If we're going to get all horrified, sanctimonious and squeamish about ISIS, where's the horror, sanctimony and squeamishness over the 500,000 Iraqi children who died of largely preventable diseases during the 90s, all because the U.S. thought it was 'worth it' to maintain sanctions on supposed dual-use medical and nutrition technologies?

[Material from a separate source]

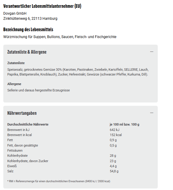Speisesalz, getrocknetes Gemüse 30% (Karotten, Pastinaken, Zwiebeln, Kartoffeln, SELLERIE, Lauch, Paprika, Blattpetersilie, Knoblauch), Zucker, Hefeextrakt, Gewürze (schwarzer Pfeffer, Kurkuma, Dill).
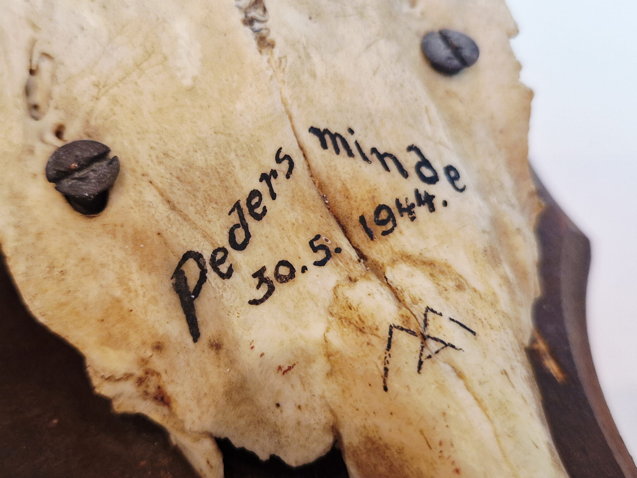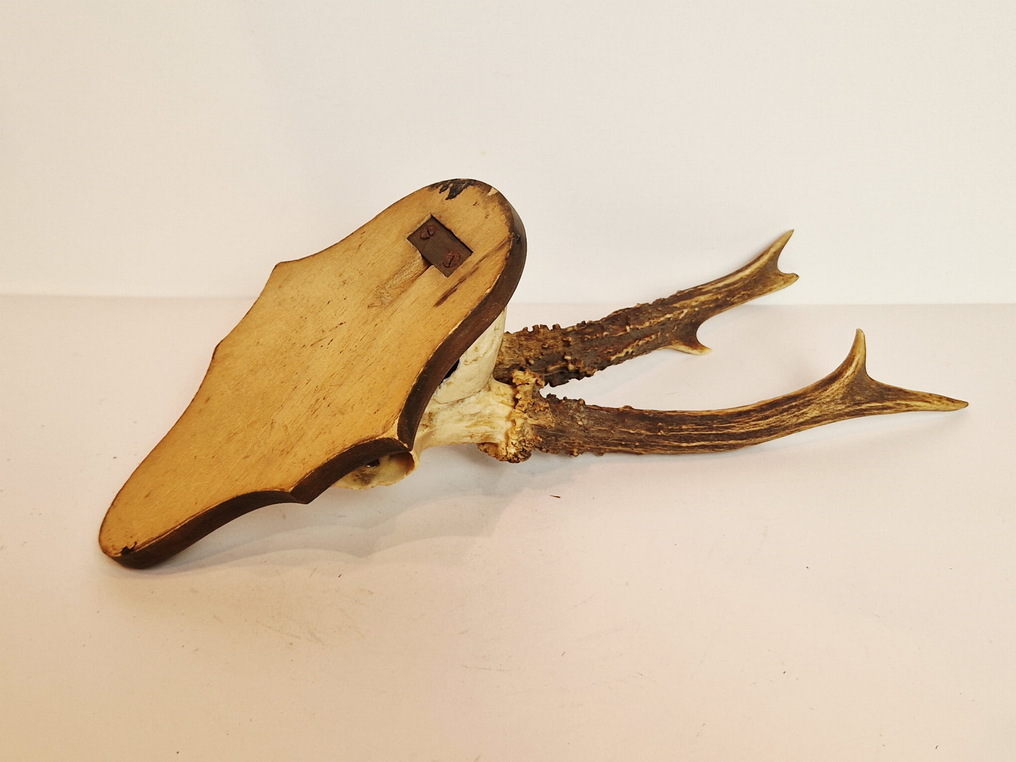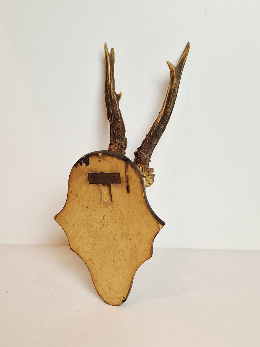 Poroże na desce - gotowe do powieszenia na ścianie.

The surprise isn't that ISIS emerged from the ashes of Bush's imperial hubris, but that it took as long as it did for it to emerge.

BainsBane

(53,056 posts)
11. Yet ironically some seem to be justifying precisely that
Wed Feb 4, 2015, 01:46 AM
Feb 2015

an eye for an eye. ISIS burned a Jordanian alive. If we care, we are told, we're hypocrites because of Fallujah. How dare we judge? I judge because it's barbaric, as US war crimes are barbaric. Claiming it is somehow explained because of Iraq is justifying an eye for an eye, it seems to me.

Fumesucker

(45,851 posts)
13. There's quite a large portion of humanity that does not believe in "an eye for an eye"
Wed Feb 4, 2015, 07:19 AM
Feb 2015

For instance the Saudi blogger who has been sentenced to death by flogging for daring to speak his mind, the Saudi government seems to be going somewhat beyond "an eye for an eye".